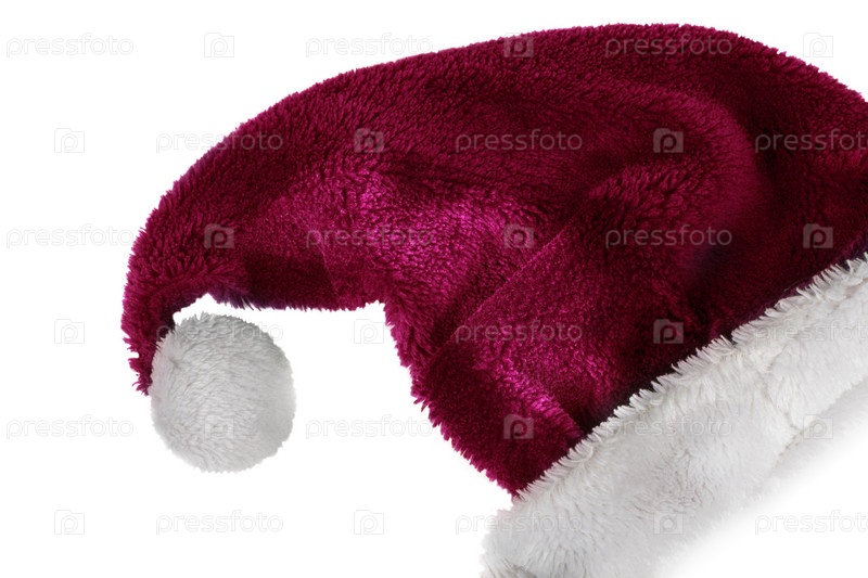 Рождественская шапка на белом фоне. Красная шапка санта-клауса с белым помпоном
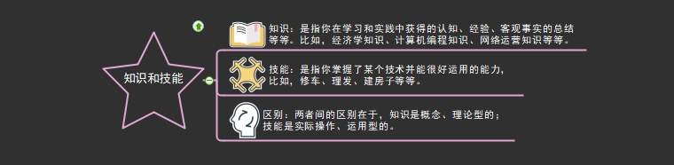 冰山上面的一部分是可以看见的,那么什么是知识?什么是技能?在你的印象中,你觉得是怎么样的,小编的理解是知识是你从学习、工作、生活中实践到的经验,理论性的东西,技能是你熟练掌握了这个项目之后,快速上手、运用,可操作性较强。
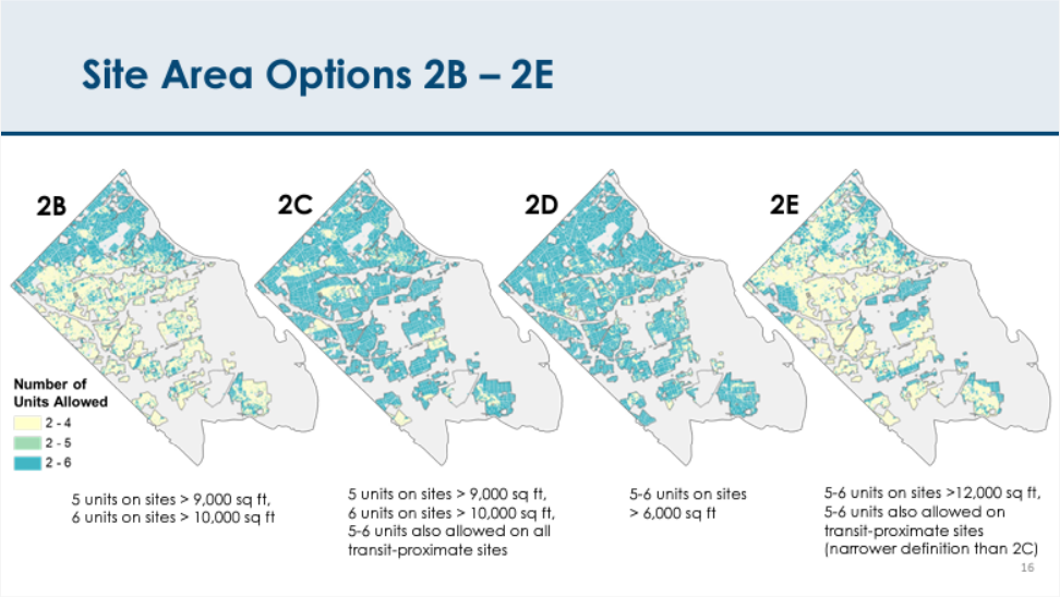One of the key areas of compromise was “minimum site area,” a zoning term meaning the number of units allowed on a site of a particular size. The most unrestricted option would have allowed up to six units on all residential lots in the county, effectively relying on other restrictions in the zoning code to prevent overly large buildings on smaller lots. But after robust debate, the board chose an option that will allow 5- and 6-unit buildings only on lots above 6,000 square feet (and in some special cases, above 7,000 square feet).
* * *
(About this exercise):
Reproduce the full listing verbatim so that only the pictures are missing.

(Answer area):
 Рождественская шапка на белом фоне. Красная шапка санта-клауса с белым помпоном
 冰山上面的一部分是可以看见的,那么什么是知识?什么是技能?在你的印象中,你觉得是怎么样的,小编的理解是知识是你从学习、工作、生活中实践到的经验,理论性的东西,技能是你熟练掌握了这个项目之后,快速上手、运用,可操作性较强。
One of the key areas of compromise was “minimum site area,” a zoning term meaning the number of units allowed on a site of a particular size. The most unrestricted option would have allowed up to six units on all residential lots in the county, effectively relying on other restrictions in the zoning code to prevent overly large buildings on smaller lots. But after robust debate, the board chose an option that will allow 5- and 6-unit buildings only on lots above 6,000 square feet (and in some special cases, above 7,000 square feet).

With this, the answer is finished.